No one will argue with the idea that demand-generation comes first. The vast majority of advertising (by spend) aspires to communicate a brand idea to potential category buyers. The term demand-generation, itself, is a concept that inspires hope (and incredulity!), as though there is a giant machine that can generate demand like electricity.

Apropos to a world of consumer-in-control and one-to-one media, we should be thinking about (and to some extent, are) sensing the state of consumers regarding their propensity to buy something, and responding immediately with a gentle nudge in the right direction.  That option is not even conceivable without fast and fluid media integration.

Months vs. Milliseconds

How long is the time lag between need formation, interest and purchase? How long should it be? An integrated infrastructure handling duties at both ends of the funnel can exploit opportunity immediately if given the latitude to do so. By comparison, how long does it take to push data back to a marketing cloud, do an analysis, budget and schedule another campaign, and then implement that? Months?

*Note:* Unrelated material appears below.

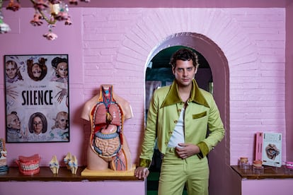 Eduardo Casanova (Madrid, 34 años) se disculpa desde la entrada. Le habría gustado, dice, tener algo más ordenada y ambientada su casa-oficina-museo-decorado, donde recibe a EL PAÍS en una mañana de noviembre. Aunque lleva año y medio instalado con su pareja en este pequeño adosado a las afueras de Madrid, su actividad imparable apenas le deja tiempo. Cuesta creerlo porque su universo, tan reconocible, lo invade todo.
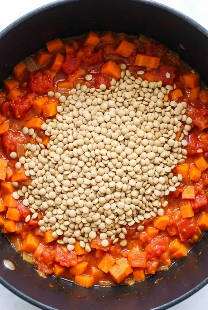 Pour in the crushed tomatoes, lentils, and vegetable stock. Bring everything to a boil.

The vaunted “sense-and-respond” loop has a half-life that corresponds to the impulse-driven, immediate gratification sensibilities of a Web-raised, time-starved, low-attention culture.  Did someone hover over your ad for five seconds, or, perhaps look at content explaining the category? Maybe it’s time to send an offer.

We might call these events insights, but they are fleeting. They are whispers, or telltales that happen in one microsecond, and are gone in the next. Where was that person just before the signal, or just after? Did they just buy a dog? A marketing cloud that can’t sense and respond in sync with the consumer looks more like a marketing fog! And the fog gets denser when we look at events in isolation.

You snooze, you lose.   

Only the computer sensing the signals and enabled to respond is ideally placed to capitalize on signals of interest, attention, or intent. The Web is a natural genius at sensing, but connecting the sensing and the response is craftsmanship. When a signal pops, we have to be ready, right now — not weeks afterward.  

So these signals are little moments of truth, and the further your insight drifts in time and space from one of those moments, the less likely it becomes that the response will do any good.  

By all means use a funnel concept to connect the dots. But in the pursuit of sensing and responding at the speed of the marketplace, disparate media vendors and processes won’t hold a candle to one well-integrated machine.

1 comment about "Fix The DR-Brand Gap With A Faster Funnel".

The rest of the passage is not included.